* EXTRACTED ENTRIES:
=-=-=
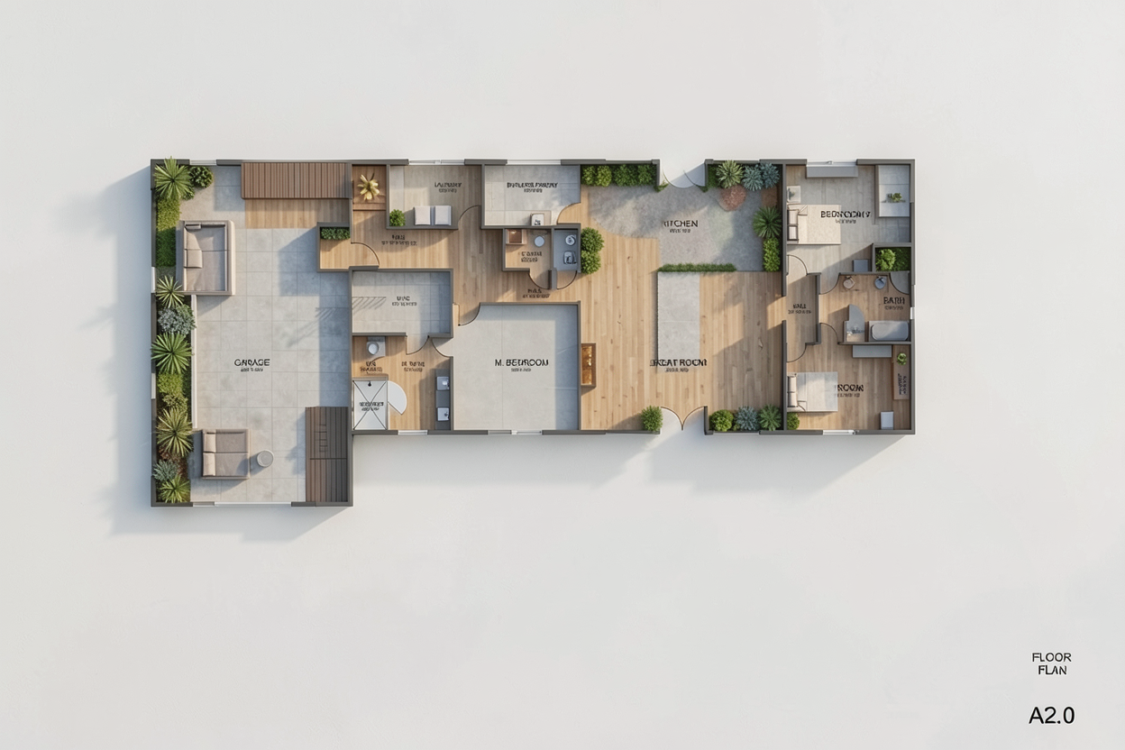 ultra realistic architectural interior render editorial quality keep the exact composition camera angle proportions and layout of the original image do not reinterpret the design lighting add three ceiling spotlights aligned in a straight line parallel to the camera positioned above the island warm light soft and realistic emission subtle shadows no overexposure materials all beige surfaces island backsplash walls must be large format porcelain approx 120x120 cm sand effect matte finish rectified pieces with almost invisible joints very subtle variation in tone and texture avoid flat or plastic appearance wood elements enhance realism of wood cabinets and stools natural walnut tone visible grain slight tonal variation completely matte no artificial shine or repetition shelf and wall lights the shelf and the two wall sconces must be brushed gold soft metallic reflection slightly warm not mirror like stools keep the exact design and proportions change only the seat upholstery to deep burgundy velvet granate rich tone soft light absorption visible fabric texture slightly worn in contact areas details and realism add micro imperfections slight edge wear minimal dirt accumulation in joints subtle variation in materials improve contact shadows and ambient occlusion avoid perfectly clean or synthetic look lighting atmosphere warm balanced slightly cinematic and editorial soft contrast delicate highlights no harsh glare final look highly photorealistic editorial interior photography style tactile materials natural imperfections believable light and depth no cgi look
=-=-=
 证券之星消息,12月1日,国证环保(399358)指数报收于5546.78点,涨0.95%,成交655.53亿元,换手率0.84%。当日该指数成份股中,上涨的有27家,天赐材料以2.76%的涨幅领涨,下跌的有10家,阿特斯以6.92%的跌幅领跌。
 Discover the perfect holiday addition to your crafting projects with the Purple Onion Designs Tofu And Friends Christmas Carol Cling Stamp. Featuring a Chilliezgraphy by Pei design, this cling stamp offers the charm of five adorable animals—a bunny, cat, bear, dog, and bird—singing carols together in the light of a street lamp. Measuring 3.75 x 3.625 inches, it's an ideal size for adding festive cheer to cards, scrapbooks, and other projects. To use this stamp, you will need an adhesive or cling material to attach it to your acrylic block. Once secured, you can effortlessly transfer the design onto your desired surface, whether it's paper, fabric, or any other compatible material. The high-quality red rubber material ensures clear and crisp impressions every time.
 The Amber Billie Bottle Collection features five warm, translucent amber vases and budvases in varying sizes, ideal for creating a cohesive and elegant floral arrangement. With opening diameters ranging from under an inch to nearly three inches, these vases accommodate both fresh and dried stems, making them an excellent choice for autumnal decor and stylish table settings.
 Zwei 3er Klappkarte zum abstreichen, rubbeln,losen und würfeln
=-=-=
* YOUR OBJECTIVE: Within the material above, transcribe exactly the lines that run from the line holding "证券之星消息,12月1日,国" through the line holding "Discover the perfect".

* ANSWER BOX:
 证券之星消息,12月1日,国证环保(399358)指数报收于5546.78点,涨0.95%,成交655.53亿元,换手率0.84%。当日该指数成份股中,上涨的有27家,天赐材料以2.76%的涨幅领涨,下跌的有10家,阿特斯以6.92%的跌幅领跌。
 Discover the perfect holiday addition to your crafting projects with the Purple Onion Designs Tofu And Friends Christmas Carol Cling Stamp. Featuring a Chilliezgraphy by Pei design, this cling stamp offers the charm of five adorable animals—a bunny, cat, bear, dog, and bird—singing carols together in the light of a street lamp. Measuring 3.75 x 3.625 inches, it's an ideal size for adding festive cheer to cards, scrapbooks, and other projects. To use this stamp, you will need an adhesive or cling material to attach it to your acrylic block. Once secured, you can effortlessly transfer the design onto your desired surface, whether it's paper, fabric, or any other compatible material. The high-quality red rubber material ensures clear and crisp impressions every time.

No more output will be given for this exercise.